Abstract
In computational electromagnetism there are manyfold advantages when using machine learning methods, because no mathematical formulation is required to solve the direct problem for given input geometry. Moreover, thanks to the inherent bidirectionality of a convolutional neural network, it can be trained to identify the geometry giving rise to the prescribed output field. All this puts the ground for the neural meta-modeling of fields, in spite of different levels of cost and accuracy. In the paper it is shown how CNNs can be trained to solve problems of optimal shape synthesis, with training data sets based on finite-element analyses of electric and magnetic fields. In particular, a concept of multi-fidelity model makes it possible to control both prediction accuracy and computational cost. The shape design of a MEMS design and the TEAM workshop problem 35 are considered as the case studies.
Introduction
In recent years, machine learning has been increasingly considered in engineering science. Electromagnetics is no exception and deep learning techniques begin to be used for field analysis purpose; for instance, a coupled field problem is solved in [1], while the simulation of Maxwell’s equations are reported in [2,3]. In particular, the impressive developments in the area of machine learning and big data have put the ground for pattern recognition in field problems. In this respect, the use of Deep Neural Networks (DNN) [4] might substantially accelerate the solution of field analysis problems. Accordingly, the possibility of applying a DNN models to field analysis and synthesis is here considered: in particular, a bitmap approach, which describes a device geometry as a set of pixels, is proposed. The topology of the selected network resembles that for image segmentation purposes and it is easily trained by means of a set of Finite-Element (FE) analyses: this way, the ground information is amenable to electric and magnetic field distributions over the input domains, simulated from classical FE solvers. Therefore, a physics-informed background makes the neural surrogate reliable in spite of different levels of cost and accuracy. A particularly interesting and promising architecture is the one of a Generative Adversarial Network (GAN) [5], composed of two interconnected Convolutional Neural Networks CNNs, named generator and discriminator, respectively. In fact, GANs have already been successfully applied in many areas, like e.g. image generation and image super-resolution. In electromagnetics, several works show their use in the area of magnetic resonance imaging [6,7], antenna Q-factor characterization [8], scattering problems [9].
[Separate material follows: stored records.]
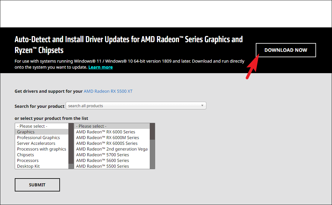 Step 3: Once you've selected your product, click on the "Submit" button to proceed to the driver download page.
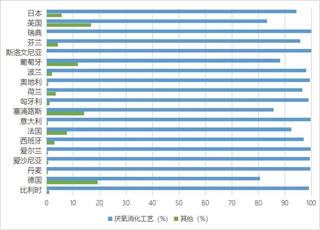 由圖1可以看出,目前發(fā)達國家的廚余垃圾處理技術(shù)主要以厭氧消化為主,約占市場份額的9成左右。其主要原因是相比于堆肥等其他處理技術(shù),厭氧消化技術(shù)更加環(huán)保和先進,受到業(yè)內(nèi)的廣泛關(guān)注,逐步形成一套成熟的產(chǎn)業(yè)鏈,進而得到市場的認可和推廣。
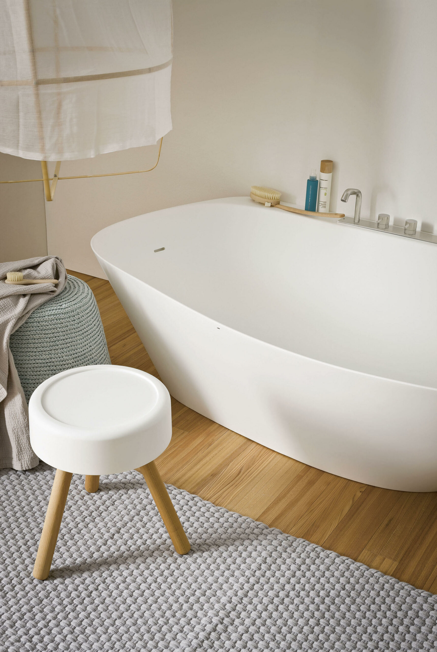 Koleksiyonun öne çıkan parçalarından biri olan Fonte Küvet, bağımsız (freestanding) yapısı ile dikkat çeker. Bu özellik, küvetin herhangi bir duvara monte edilmeden odanın içinde serbestçe yerleştirilebilmesini sağlar. Korakril™ malzemeden üretilen bu küvet, 175 cm uzunluğunda ve 96 cm genişliğindedir, bu da kullanıcıya geniş bir banyo alanı sunar. Modern banyolarda merkezi bir unsur olarak öne çıkan bu küvet, zarafet ve fonksiyonelliği bir araya getirir.
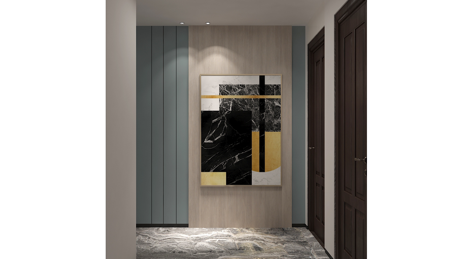 樓梯的轉角空間則利用凸於牆面的木作與霧霾藍色的漆面呈現多層次外,讓沉穩的空間裡多了一份活力。
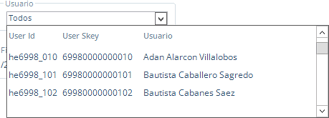 Usuario: Haz clic en este campo para seleccionar únicamente al usuario que realizó los movimientos.
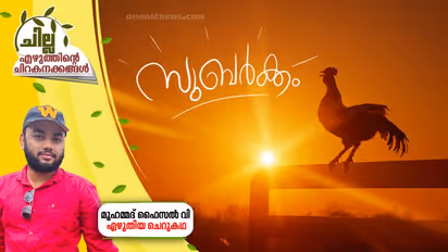 ചില്ല. മികച്ച എഴുത്തുകള്ക്ക് ഒരിടം. സൃഷ്ടികള് submissions@asianetnews.in എന്ന വിലാസത്തില് അയക്കൂ. ഒപ്പം ഫോട്ടോയും വിശദമായ വിലാസവും അയക്കണം. എഡിറ്റോറിയല് ബോര്ഡ് തെരഞ്ഞെടുക്കുന്ന സൃഷ്ടികള് പ്രസിദ്ധീകരിക്കും
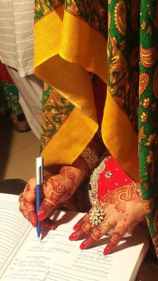 - The bride and groom sign the Nikah-Namah, a Muslim marriage contract, in front of their guests. During the wedding ceremony, the contract is read out in Arabic and is also signed at this time. The couple is formally wedded at this point in the ceremony after certain passages from the Quran are recited during a brief sermon.
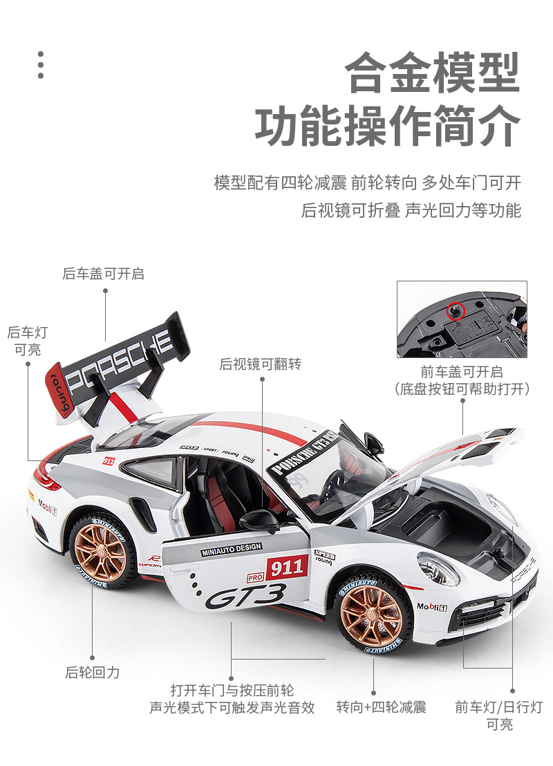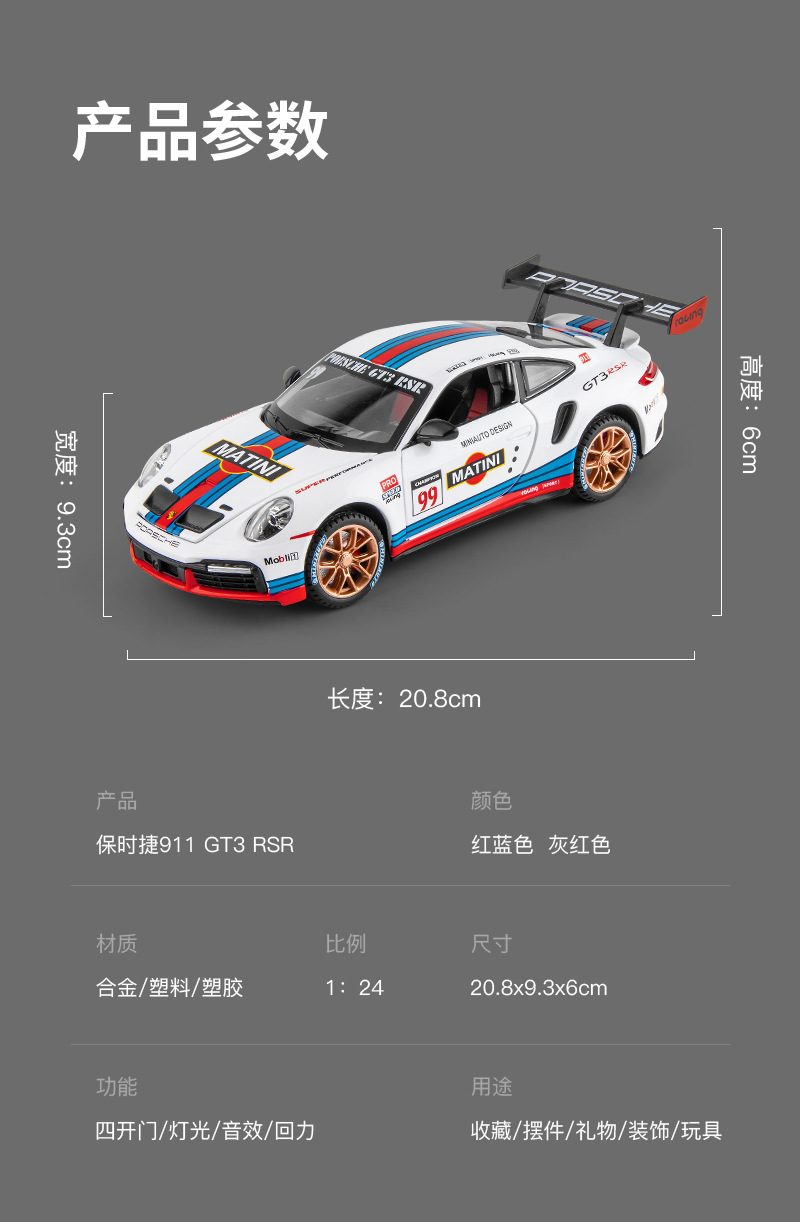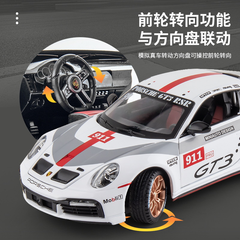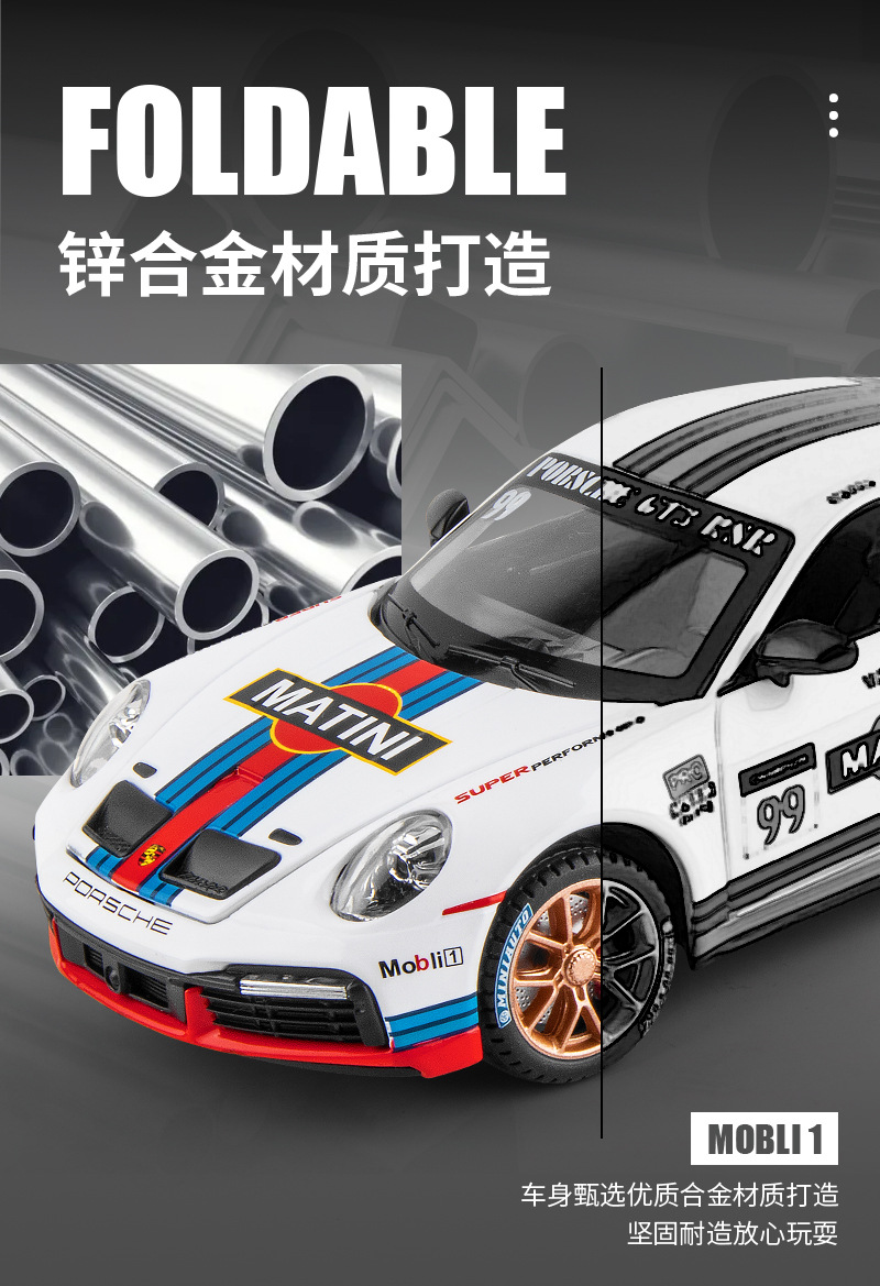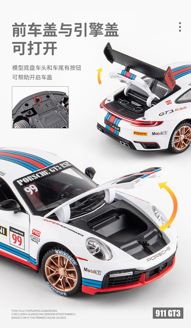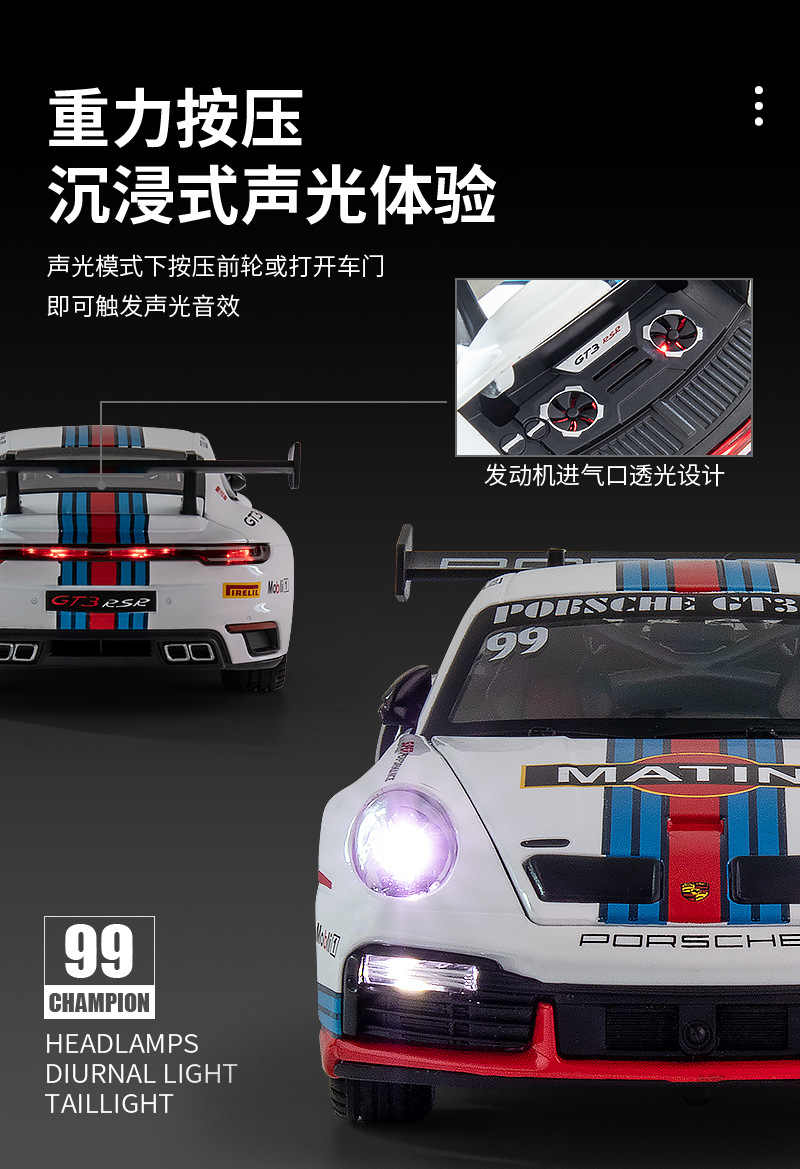 声光儿童玩具1:24保时婕911赛车版跑车车模摆件收藏合金玩具模型

The paper is organized as follows: in Section 2 the general concept of surrogate modelling is presented, while Section 3 shows possible perspectives in field analysis and synthesis open by the use of CNNs; reference is made to the optimal shape synthesis of a Micro Electro Mechanical System MEMS device. In turn, the focus of Sections 4 and 5 is on a GAN architecture with a case study inspired to the TEAM workshop problem 35. Eventually, in Sections 6 and 7 results are presented and discussed.
Surrogate modeling with CNNs
Recently, deep learning techniques have been used to build surrogate models for field analysis of electromagnetic devices [10,11]. In this respect, deep learning (DL) approaches are particularly suited for developing surrogate models in electromagnetic analysis. In fact, DL models like deep neural networks (DNN), are capable of dealing with high-resolution images as input and output, therefore enabling to directly handle the bitmaps describing geometry and field in a electromagnetically complex scenario. In particular, Convolutional Neural Networks (CNNs) are neural networks which allow to evaluate a field quantity (either a value or a vector of values like e.g. a field distribution), starting from an image [12]; to this end, transposed 2D deconvolution layers are conveniently used. The training of this class of networks is usually based on numerical analyses and in particular the Finite Element (FE) method is used. Once a neural network is trained, it can be used as a surrogate model and placed in an optimization loop. This way, the computational burden is limited to the net training, while the evaluation of the field quantities during the optimization loop is rather inexpensive. Another fascinating and innovative way to use DNNs for solving inverse problems is to invert the network previously trained for solving the associated direct problem: an application in material property identification can be found e.g. in [13].
Field analysis and synthesis with CNNs
It appears that more and more Machine Learning (ML) approaches are being exploited as a tool for the resolution of electromagnetic (EM) problems. The advantages of using ML are at least twofold: first, no mathematical formulation is required to implement the problem solver, as Deep Neural Networks (DNN) simply require well suited data sets for their training; next, once trained, DNNs can solve an EM problem in an almost negligible time with respect to classical numerical methods: this puts the ground for equation-less, and so FEM-less, models of analysis problems.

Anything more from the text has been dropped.